== Segment start ==

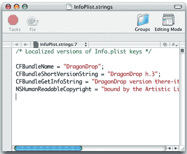 Переводить эти строки или нет — решать локализатору. Обычно ограничиваются минимумом: по-русски пишут слово «версия» и, если нужно, приводят к принятой в России форме информацию об авторском праве. (Строку CFBundleShortVersionString в соответствии с указаниями Apple нужно оставить такой же, как в английской версии, либо вообще удалить.)
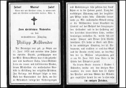 Jüngling; Teilnahme 1. Weltkrieg; kehrte krank in die Heimat zurück (Opfer 1. Weltkrieg) |
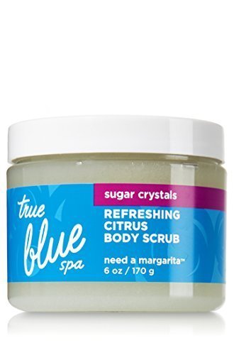 Bath & Body Works True Blue Spa Refreshing Citrus Body Scrub "Need a Margarita" 6 Oz. : This tropical citrus scrub is the vacation your skin needs from looking and feeling landlocked. Sugar exfoliates to sweeten your spa experience balanced with just a little salt (the way you like it), while an exotic oil blend of coconut, almond, avocado, jojoba & more moisturizes and transports you to the tropical island of your choice every time you shower or bathe. * Sugar crystals provide exfoliation, resulting in smooth, glowing skin * Effervescent margarita fragrance to transport you to the tropics * Not tested on animalsFeature
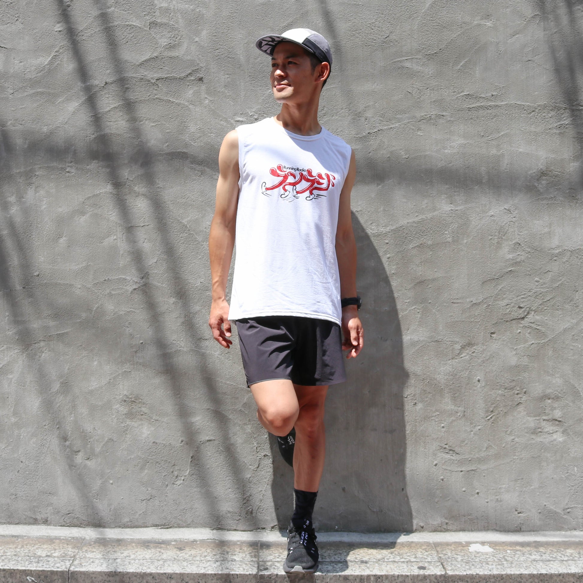 The waist is a modern style that stretches straight down. Furthermore, the hem is longer at the back than at the front. This creates an exquisite silhouette when worn. Many runners store drinks and other items at the back of their waists, especially when running, and the longer hem hides this bulge beautifully. Conversely, if you store items at the front, the hem is slightly shorter than the back, making it easier to take them out. This sleeveless T-shirt is made by runners, for runners.
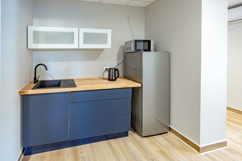 Équipée d'un bureau, d'un fauteuil de bureau, de 2 chaises et d'un lave mains. Service compris : eau, électricité, clim réversible, WI FI.
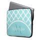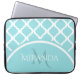 Trendy Large Aqua Quatrefoil Monongram and Name Laptop Sleeve
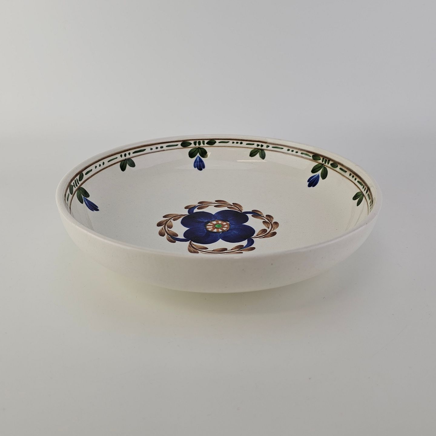 Rundt fad i kunstfajance med dekoration af blå blomster
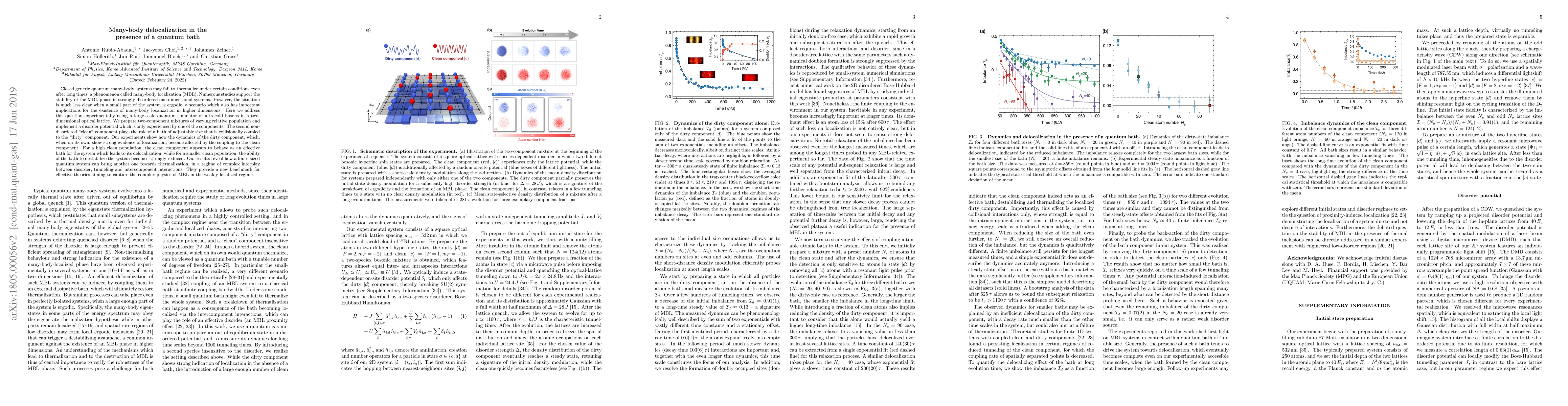 This study experimentally investigates many-body localization (MBL) in a two-dimensional quantum system using a quantum simulator of ultracold bosons. The research reveals that a clean, ergodic component can delocalize a strongly localized component when sufficiently populated, demonstrating the complex interplay between disorder, tunneling, and intercomponent interactions in MBL dynamics.
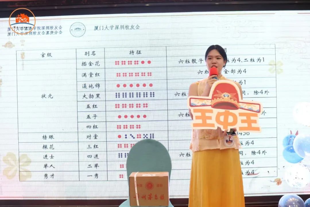 今年的博饼嘉年华更是高潮迭起,气氛紧张而兴奋。经过多轮激烈的比拼,最终2021届管理学院滕怡颖校友凭借出色的手气与运气,一举夺得“王中王”称号,赢得了现场最为丰厚的奖品,引来阵阵掌声与欢呼。滕怡颖在发表获奖感言时表示:“感谢厦门大学嘉庚学院深圳校友会,让我有机会重温校园记忆,与校友博饼共庆中秋。身为厦大嘉庚学子,自豪感是大家的骄傲,愿我今晚的喜悦和好运能传递给大家。”
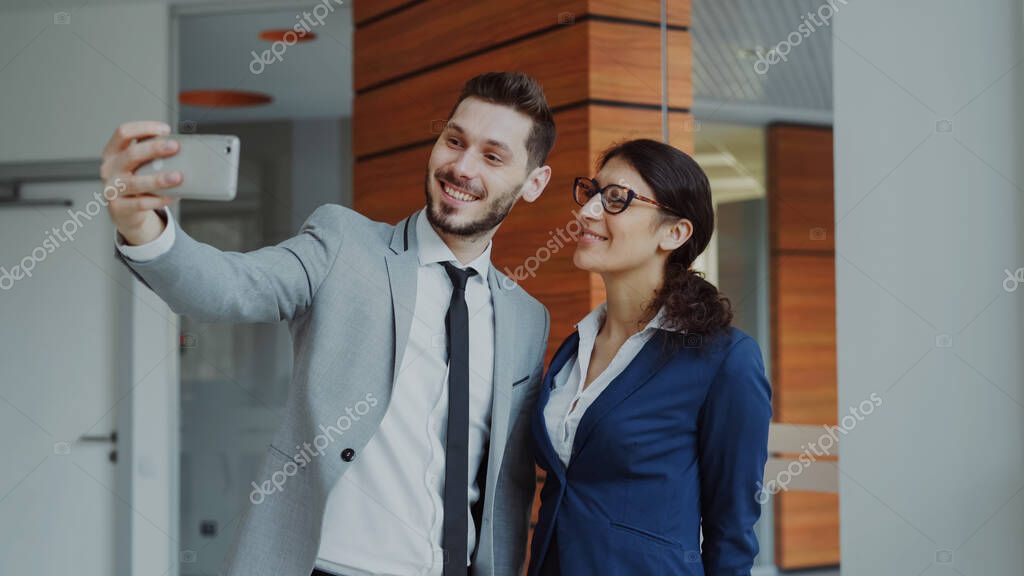 - Happy businessman and his female colleague taking a selfie on smarphone camera for social media in modern office indoors
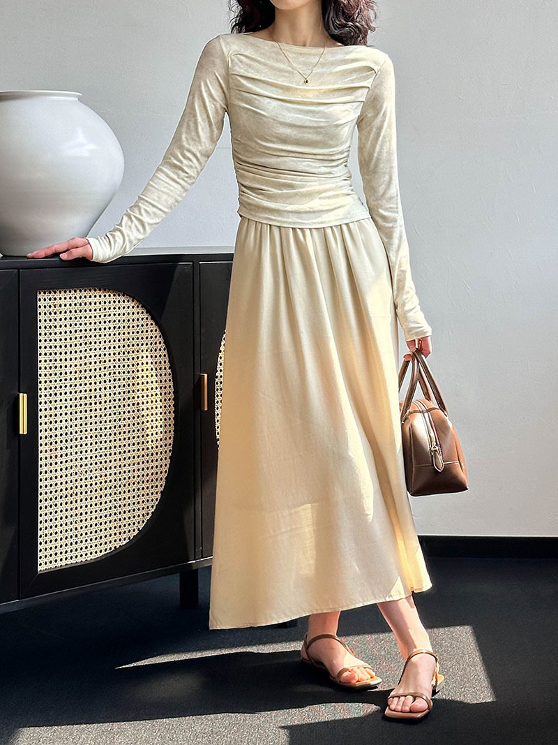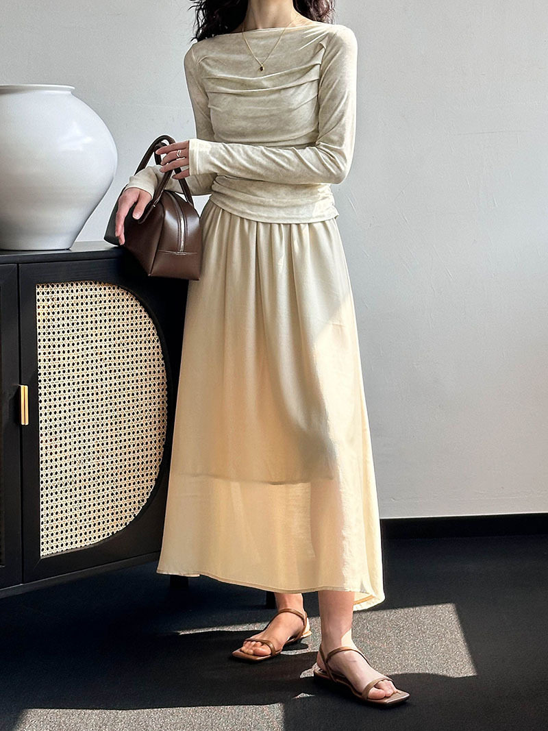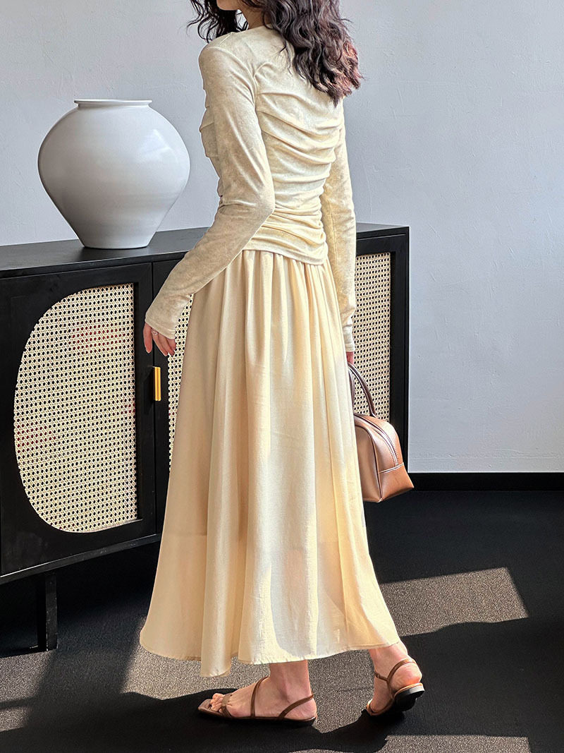 [材質] 上衣:94% 黏膠纖維,6%氨綸。裙子:95% 天絲、5% 聚酯纖維
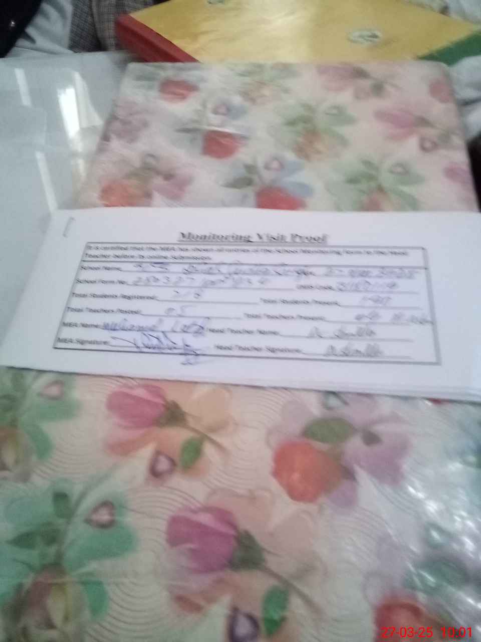 | Certified that this School was Inspected by the Undersigned MEA/DMO Today and the Information Stated Above is as Per Record. | |||||
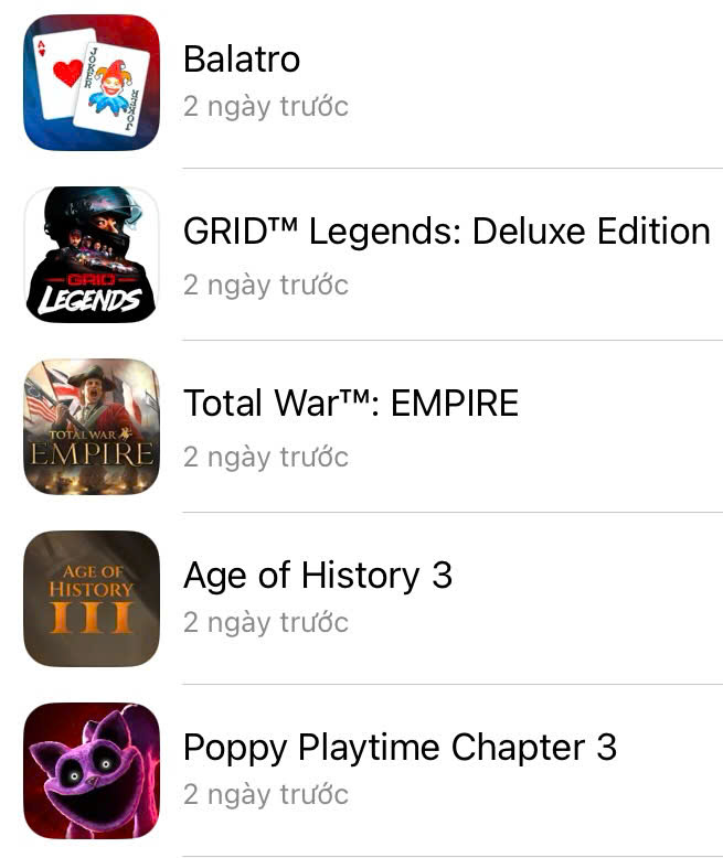 - ID Số 15: Balatro, GRID Legends, Total War, Age of History 3, Poppy Playtime 3.
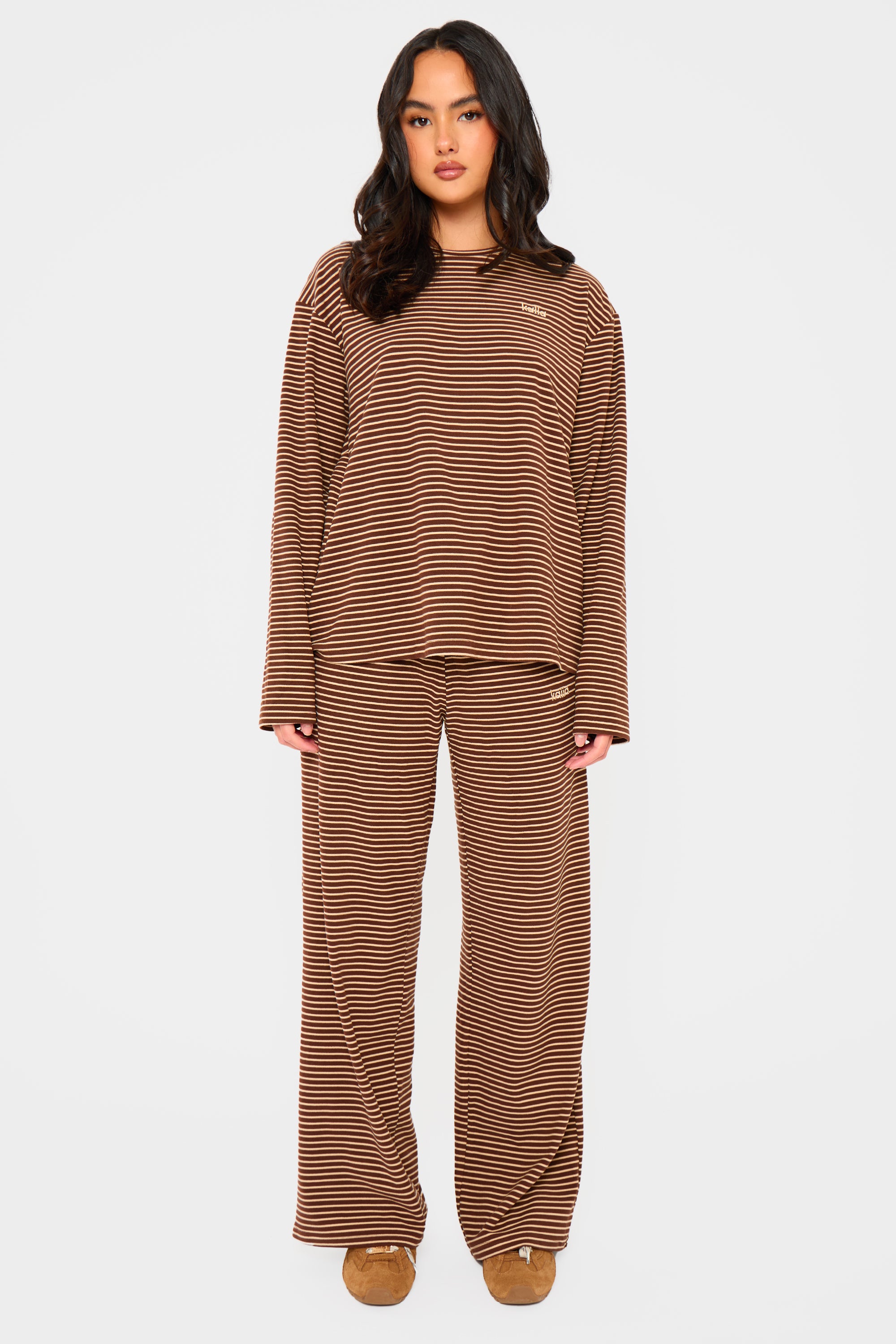 Kaiia Striped Fleece Oversized Long Sleeve Top Brown & Cream

== Segment end ==

*EXERCISE*:
Your answer must be only the lines from the one that holds "Rundt fad i" to the end of the listing, each restated word for word, with both ends kept and pictures left out.

*RESPONSE BELOW*:
 Rundt fad i kunstfajance med dekoration af blå blomster
 This study experimentally investigates many-body localization (MBL) in a two-dimensional quantum system using a quantum simulator of ultracold bosons. The research reveals that a clean, ergodic component can delocalize a strongly localized component when sufficiently populated, demonstrating the complex interplay between disorder, tunneling, and intercomponent interactions in MBL dynamics.
 今年的博饼嘉年华更是高潮迭起,气氛紧张而兴奋。经过多轮激烈的比拼,最终2021届管理学院滕怡颖校友凭借出色的手气与运气,一举夺得“王中王”称号,赢得了现场最为丰厚的奖品,引来阵阵掌声与欢呼。滕怡颖在发表获奖感言时表示:“感谢厦门大学嘉庚学院深圳校友会,让我有机会重温校园记忆,与校友博饼共庆中秋。身为厦大嘉庚学子,自豪感是大家的骄傲,愿我今晚的喜悦和好运能传递给大家。”
 - Happy businessman and his female colleague taking a selfie on smarphone camera for social media in modern office indoors
 [材質] 上衣:94% 黏膠纖維,6%氨綸。裙子:95% 天絲、5% 聚酯纖維
 | Certified that this School was Inspected by the Undersigned MEA/DMO Today and the Information Stated Above is as Per Record. | |||||
 - ID Số 15: Balatro, GRID Legends, Total War, Age of History 3, Poppy Playtime 3.
 Kaiia Striped Fleece Oversized Long Sleeve Top Brown & Cream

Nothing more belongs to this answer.